Written and illustrated by David Lucas
32 pages • Published 2004 (Knopf Books for Young Readers)
Recommended Age Range: Preschool through 2nd grade.
Publisher's Summary: Halibut Jackson is shy. He would prefer not to be noticed at all. But he loves to make his own suits, especially suits that help him blend into the background: He has a flowered suit for the park, a book-patterned suit for the library, and a fruit-adorned suit for the shops. But mostly he stays indoors. When Halibut’s invited to a party at the palace, he’s too bashful to go, until he decides to make a palace-patterned suit. “No one will even notice me!” he thinks. Except that it’s a garden party . . . and everyone notices Halibut. Soon, he’s the most popular guy in town, thanks to his skills with a needle and thread, and his fabulous fashion sense.
Dr. Annie's Takeaways
Recommended for: Children who are shy or afraid to show their true selves will love this book about a shy, quirky guy who works hard to literally blend into the background. He accidentally stands out one day, which causes people to notice him and ultimately love him for who he is.
Would a child like it? It’s a fun story with fun illustrations. Many children will really enjoy this book.

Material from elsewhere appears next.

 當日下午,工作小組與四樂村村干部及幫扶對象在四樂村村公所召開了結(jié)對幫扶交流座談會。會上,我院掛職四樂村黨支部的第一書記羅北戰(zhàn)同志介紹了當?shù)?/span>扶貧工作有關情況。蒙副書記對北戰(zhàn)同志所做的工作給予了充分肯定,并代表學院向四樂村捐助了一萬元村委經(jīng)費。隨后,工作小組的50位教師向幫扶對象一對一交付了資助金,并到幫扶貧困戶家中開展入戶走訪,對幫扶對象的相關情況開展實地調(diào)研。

Evidence-Based Practices: Exposure
Tone: Whimsical, sweet
Story Quality: Halibut Jackson is first a good story and second a book about shyness. It’s a delightful, fantastical story about a very shy man who designs suits to literally blend into the background wherever he goes. There’s a fun “Where’s Waldo” aspect to the book–Halibut Jackson is hiding on each page, and kids have to search a bit to find him. The story is somehow simultaneously understated and fabulous, and it has a very sweet ending that allows Halibut to remain “a little shy” while becoming an important, valued member of his community.

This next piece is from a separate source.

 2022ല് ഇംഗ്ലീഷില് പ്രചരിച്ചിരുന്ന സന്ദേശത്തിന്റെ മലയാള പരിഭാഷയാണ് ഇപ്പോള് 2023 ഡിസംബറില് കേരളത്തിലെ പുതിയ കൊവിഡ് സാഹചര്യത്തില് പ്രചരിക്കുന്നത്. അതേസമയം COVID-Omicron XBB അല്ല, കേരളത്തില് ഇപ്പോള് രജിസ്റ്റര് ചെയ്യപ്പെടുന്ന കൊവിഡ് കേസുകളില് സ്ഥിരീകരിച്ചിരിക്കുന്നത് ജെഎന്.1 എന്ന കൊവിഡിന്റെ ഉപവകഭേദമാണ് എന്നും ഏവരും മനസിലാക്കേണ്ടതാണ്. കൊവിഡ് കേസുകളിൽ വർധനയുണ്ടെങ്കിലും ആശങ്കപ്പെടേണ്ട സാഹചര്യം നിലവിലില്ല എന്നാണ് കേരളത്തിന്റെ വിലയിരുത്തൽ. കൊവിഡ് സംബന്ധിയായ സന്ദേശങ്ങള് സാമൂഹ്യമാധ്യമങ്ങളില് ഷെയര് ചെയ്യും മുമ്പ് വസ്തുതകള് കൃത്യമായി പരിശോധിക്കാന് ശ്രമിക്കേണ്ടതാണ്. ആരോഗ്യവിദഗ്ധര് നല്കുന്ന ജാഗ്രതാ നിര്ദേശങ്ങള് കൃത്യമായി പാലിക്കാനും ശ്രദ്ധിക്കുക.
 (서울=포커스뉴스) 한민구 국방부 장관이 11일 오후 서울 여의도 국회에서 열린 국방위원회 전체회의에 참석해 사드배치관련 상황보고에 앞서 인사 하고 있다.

Illustrations: Fun, quirky drawings that engage children in finding Halibut despite his efforts to blend in.
Representation: Halibut Jackson is a White man who designs fabulous, whimsical suits. He is invited to a party at a castle with a Black king and White queen. The party has attendees who seem to be royalty from around the world. The guests are dressed in pretty stereotypical outfits; it’s not necessarily overtly offensive, but I think it makes the book show its age a bit (it was published in 2004).

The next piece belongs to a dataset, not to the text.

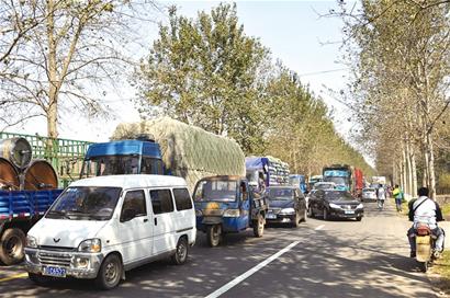 ????昨天上午8時許,在204國道王臺南段發(fā)生一起3車相撞事故,導致3輛運送直徑達10米的白色巨型鍋爐的車輛無法通過,而這3輛“大塊頭”又將其他車輛堵了個結結實實,車龍一度排出去10里路。膠南交警緊急趕到現(xiàn)場疏散交通,直到昨天下午1時許,在堵路5個小時后,現(xiàn)場秩序才恢復正常。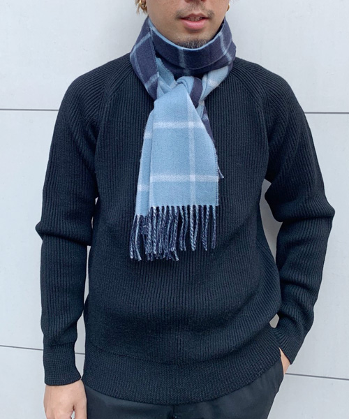 ジョンストンズの定番といえば、肩にそのままかけて楽しめる大判サイズのストールですが、カシミヤの質感をキープしつつ、かさばり過ぎないコンパクトデザインに編み上げられたモデル。

Psychological Practices: This story shows how a shy, quirky guy can remain shy and quirky and still make friends and be beloved by his community. It also has an effective expectancy violation. Halibut works up the courage to go to a party at the castle with the intention of blending into the background; he miscalculates what he needed to wear to blend in and everyone notices him. There’s a moment when the reader is anxious and/or embarrassed for him, but then it resolves by everyone at the party being supportive and enthusiastic about his outfit. It turns into an opportunity for Halibut to contribute his skills and interest to his community (he opens up a shop making quirky, fabulous outfits for the king and queen and all of the townspeople).